We couldn’t find the commune. The directions were too vague: “Go far to the dim yellow light, then right at the big tree . . . proceed to the fork and then slow to the place where the road shines . . .”

After two hours of this I was half crazy. We had been back and forth
across the same grid of backroads two or three times, with no luck . . . but finally we found it, a very peaceful-looking place in a cold hill in the woods. She went inside the main building for a while, then came back out to tell me everything was okay.

I shrugged, feeling a little sad because I could tell by the general vibrations that things were not really “okay.” I was tempted to take her into Manchester with me, but I knew that would only compound the problem for both of us . . . checking into the Wayfarer at three thirty, then up again at seven for a quick breakfast and then into the press bus for a long day of watching McGovern shake hands with people at factory gates.

Could she handle that madness? Probably not. And even if she could, why do it? A political campaign is a very narrow ritual, where anything weird is unwelcome. I am trouble enough by myself; they would never tolerate me if I showed up with a nervous blonde nymphet who thought politics was some kind of game played by old people, like bridge.

No, it would never do. But on my way into Manchester, driving like a werewolf, it never occurred to me that maybe I was not quite as sane as I’d always thought I was. There is something seriously bent, when you think on it, in the notion that a man with good sense would race out of his peaceful home and fly off in a frenzy like some kind of electrified turkey buzzard to spend three or four days being carried around the foulest sections of New England like a piece of meat, to watch another man, who says he wants to be president, embarrassing a lot of people by making them shake his hand outside factory gates at sunrise.

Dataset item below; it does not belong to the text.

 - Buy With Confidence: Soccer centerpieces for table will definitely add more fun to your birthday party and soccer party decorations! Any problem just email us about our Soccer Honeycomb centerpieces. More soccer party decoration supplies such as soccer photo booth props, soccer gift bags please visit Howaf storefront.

Harold Hughes Is Your Friend

Manchester, New Hampshire, is a broken-down mill town on the Merrimack River with an aggressive Chamber of Commerce and America’s worst newspaper. There is not much else to say for it, except that Manchester is a welcome change from Washington, D.C.

I checked into the Wayfarer, just before dawn, and tried to get some music on my high-powered waterproof Sony, but there was nothing worth listening to. Not even out of Boston or Cambridge. So I slept
a few hours and then joined the McGovern caravan for a tour of the Booth Fisheries, in Portsmouth.

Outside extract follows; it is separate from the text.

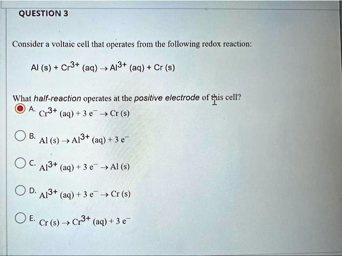 SOLVED: what is the correct option? QUESTION3 Consider a voltaic cell ...

It was a wonderful experience. We stood near the time clock as the shifts changed & McGovern did his handgrabbing thing. There was no way to avoid him, so the workers shuffled by and tried to be polite. McGovern was blocking the approach to the drinking fountain, above which hung a sign saying “Dip Hands in Hand Solution Before Returning to Work.”

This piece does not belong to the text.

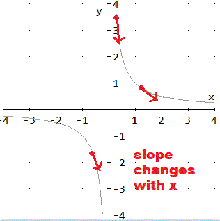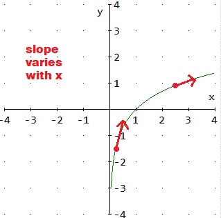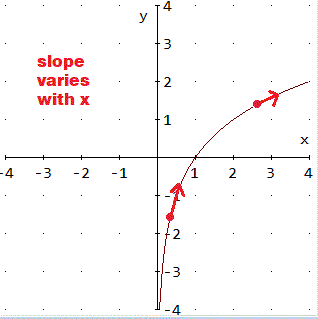 | Slope Function, m, f'(x), dy/dx: m = 1/x

The place was like a big aircraft hangar full of fish, with a strange cold gaseous haze hanging over everything—and a lot of hissing & humming from the fish-packing machines on the assembly line. I have always liked seafood, but after thirty minutes in that place I lost my appetite for it.

The next drill was the official opening of the new McGovern headquarters in Dover, where a large crowd of teenagers and middle-aged liberals were gathered to meet the candidate. This age pattern seemed to prevail at every one of McGovern’s public appearances: the crowds were always a mix of people either under twenty or over forty. The meaning of this age diversion didn’t hit me until I looked back on my notes and saw how consistent it was . . . even at the Massachusetts Rad/Lib Caucus, where I guessed the median age to be thirty-three; that figure was a rough mathematical compromise, rather than a physical description. In both Massachusetts and New Hampshire, the McGovern/McCarthy crowds were noticeably barren of people between twenty-five and thirty-five.